Students with accommodation needs
If a student has a disability that will prevent from completing the described work or require any kind of accommodation, he may inform the program director (with supporting documents) as soon as possible. Also, students are encouraged to discuss it with the professor.
Class behavior
● Out of courtesy for the professor and classmates, all mobile phones, electronic games or other devices that generate sound should be turned off during class.
● Students should avoid disruptive and disrespectful behavior such as: arriving late, leaving early, careless behavior (e.g. sleeping, reading a non-course material, using vulgar language, over-speaking, eating, drinking, etc.). A warning may be given on the first infraction of these rules. Repeated violators will be penalized and may face expulsion from the class and/or other disciplinary proceedings.

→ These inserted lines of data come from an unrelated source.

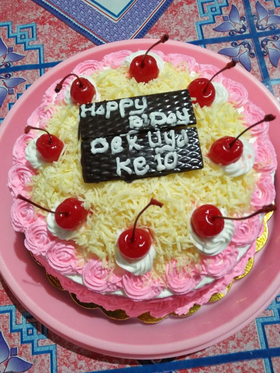 - Kue tart nya selesai, jika anda ingin memberi ucapan atau nama bisa diatas pagar coklat yang diletak diatas keju...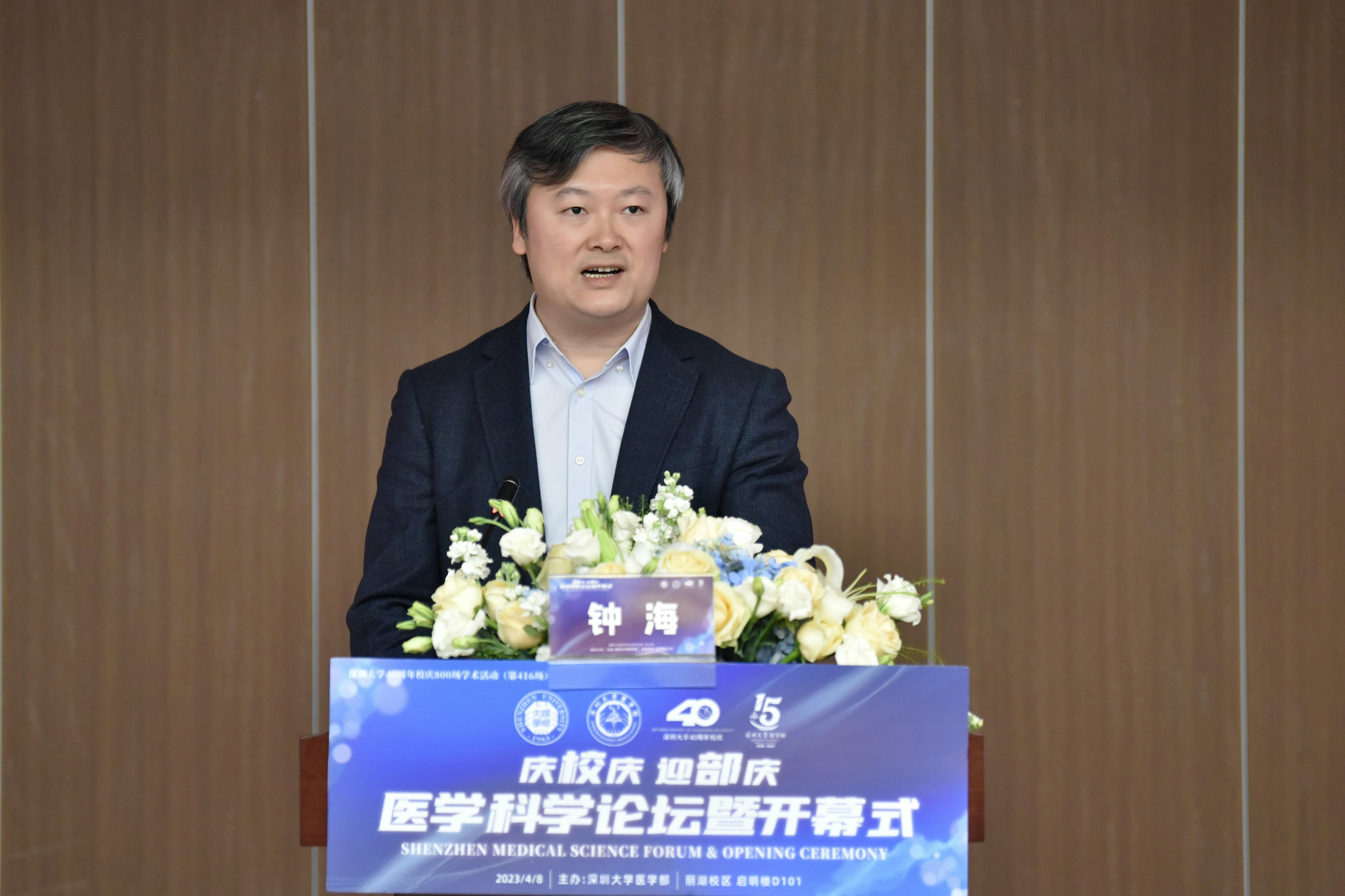 鐘海代表深圳市科創委對深圳大學、深大醫學部取得的優異辦學成績表示祝賀,并向社會各界支持深圳科技創新發展表示感謝。他表示,深圳是一個充滿魅力、活力、創造力的城市,科技創新領域成果豐碩。深圳全社會鼎力支持深圳大學建設,深圳大學快速發展,成果顯著。深圳一直高度重視醫學科學領域發展,積極推動產學研結合,期待與會各界人士共同推動深圳醫學科學發展邁向新臺階。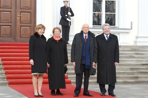 Il Presidente della Repubblica e la Signora Napolitano al Castello di Bellevue con il Presidente Federale Gauck e la Signora Schadt in occasione del pranzo di Stato
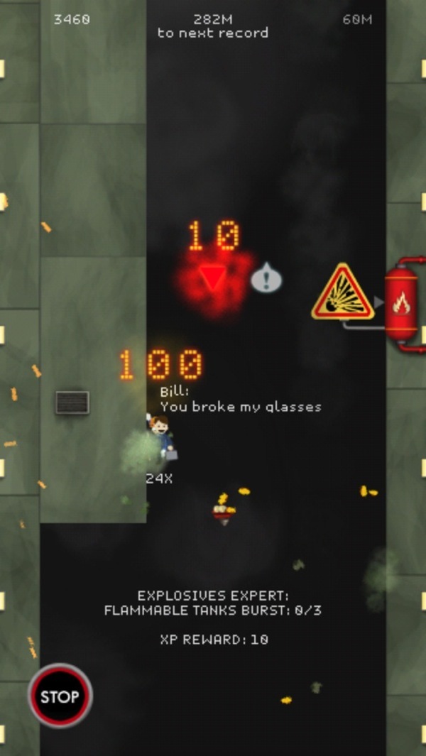 游戏的玩法简单易上手,只需轻触屏幕即可完成攀爬跳跃。逃亡的过程中会有电梯残体、火球、巨石不断下落,稍不留神便会被撞击而亡。而两侧的电梯墙体,也处处存在着致命的危险,我们给细心留意每一处落脚点,不可随意攀爬跳跃。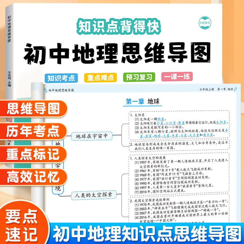 初中地理知识点大全七八年级思维导图答题模板人教版 初一二地理中考会考知识点提分笔记基础知识手册初中地理总复习手册必刷题知识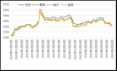 據云商平臺監(jiān)測數(shù)據顯示,截至6月30日,鑄造生鐵天津地區(qū)報價4250元,較月初跌150元;武安地區(qū)報價4150元,較月初跌220元;翼城地區(qū)報價4150元,較月初跌150元;上海地區(qū)報價4500元,較月初跌150元;臨沂地區(qū)報價4200元,較月初跌200元(詳見圖3)。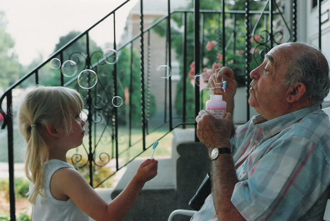 On a lazy summer day, "pop-pop" gives his granddaughter a lesson on blowing bubbles.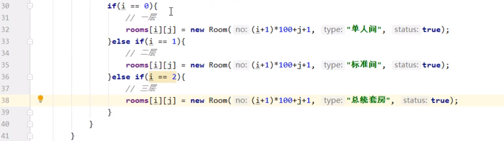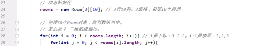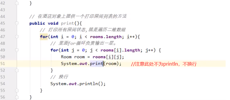 【无论是在数组框架中创建对象,还是打印房间状态,要想着利用for循环的嵌套去遍历】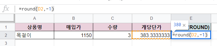 위와같이 380으로 반올림처리되었습니다.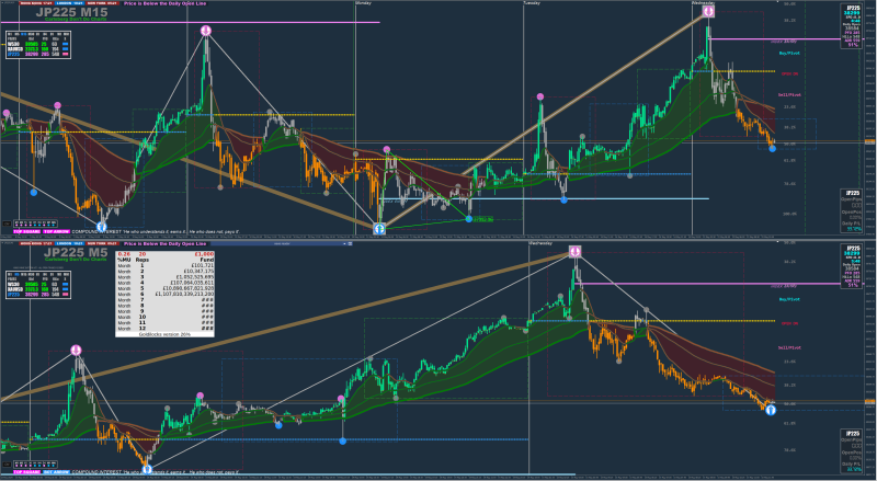2. Taking a SELL trade off the Index Entry level the price continued down and broke below the Daily Open level, presenting my first opportunity to secure profit$ at the 1st Dot indicator (that said, I had already bailed my position as I had decent Pip$ worth booking).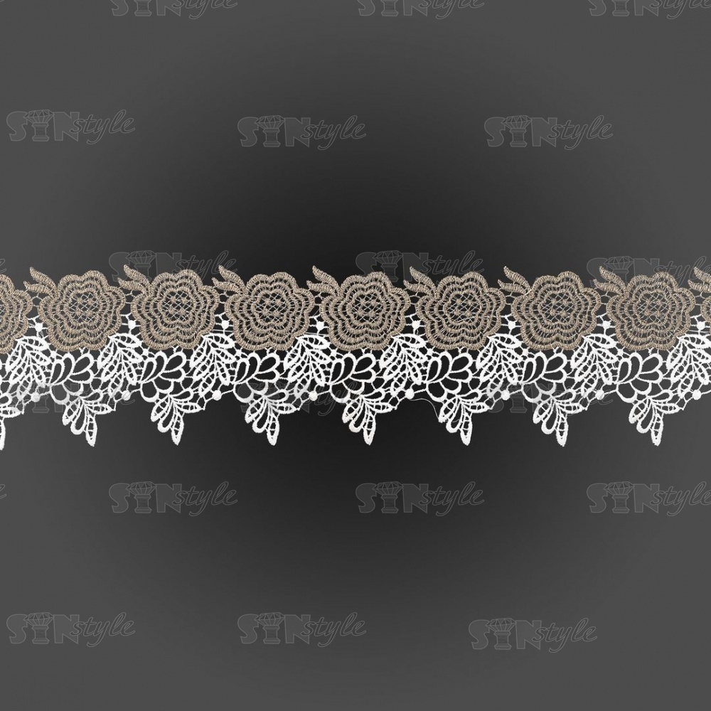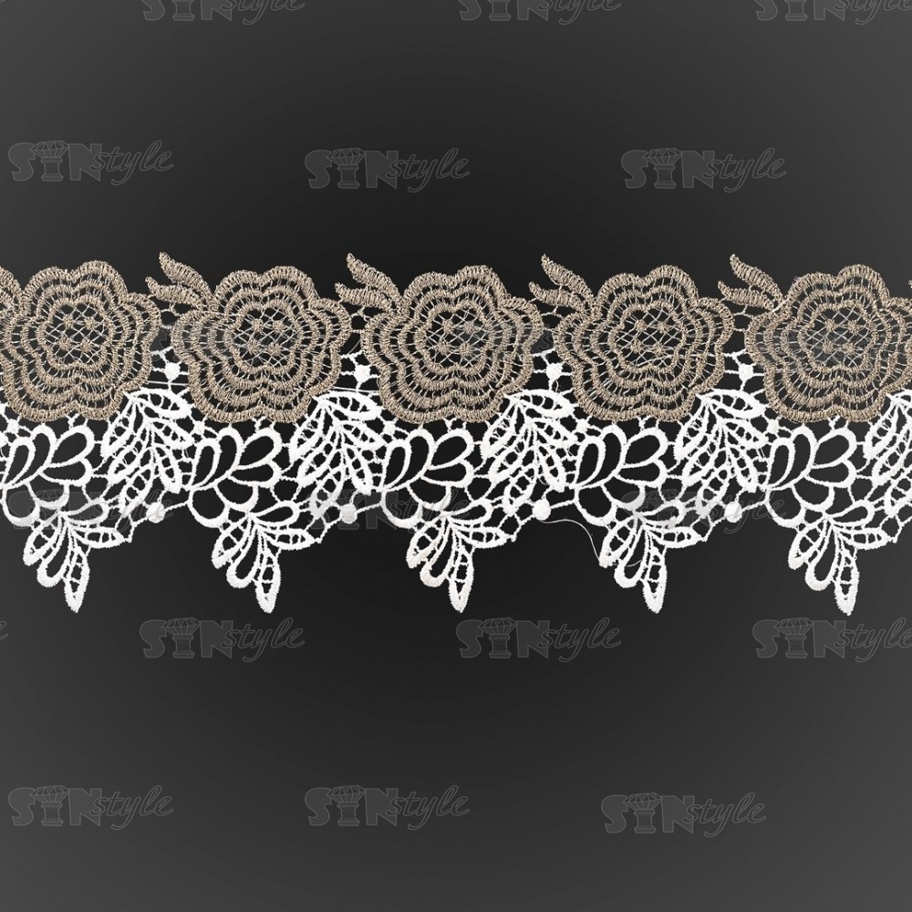 Кружево вязаное ажурное, цвет золотой с белым, намотка 15 ярдов, ширина 100 мм

● The tolerated delay is 5 minutes. Attendance will be declared on Moodle during these 5 minutes via a QR code provided by the teacher at each course start.
● Student should arrive on time for exams and other assessments. No one will be allowed to enter the classroom once the first person has finished the exam and left the room. There is absolutely no exception to this rule. No student can continue to take an exam once the time is up. No student may leave the room during an examination unless he / she has finished and handed over all the documents.
● In the case of remote learning, the student must keep his camera on unless instructed otherwise by the professor.
Honor code
IMT-BS is committed to a policy of honesty in the academic community. Conduct that compromises this policy may result in academic and / or disciplinary sanctions. Students must refrain from cheating, lying, plagiarizing and stealing. This includes completing your own original work and giving credit to any other person whose ideas and printed materials (including those from the Internet) are paraphrased or quoted directly. Any student who violates or helps another student violate academic behavior standards will be penalized according to IMT-BS rules.
Textbook Required and Suggested Readings
1. Kihn, M., & O’Hara, C. B. (2020). Customer data platforms: Use people data to transform the future of marketing engagement. Hoboken, NJ: Wiley.
2. Maidenberg, E. (2024). Maîtriser l’IA générative dans la communication et le marketing: ChatGPT, Midjourney… Paris, France: Ellipses.
Keywords
Activation de la donnée client; Activation des audiences; Personnalisation pilotée par l’IA; CDP et architecture data marketing; Hyper‑personnalisation à grande échelle; Personnalisation conforme au RGPD; IA responsable & AI Act / Customer data activation; Audience activation; AI‑driven personalization; CDP‑based marketing data architecture; Hyper‑personalization at scale; GDPR‑compliant personalization; Responsible AI & EU AI Act.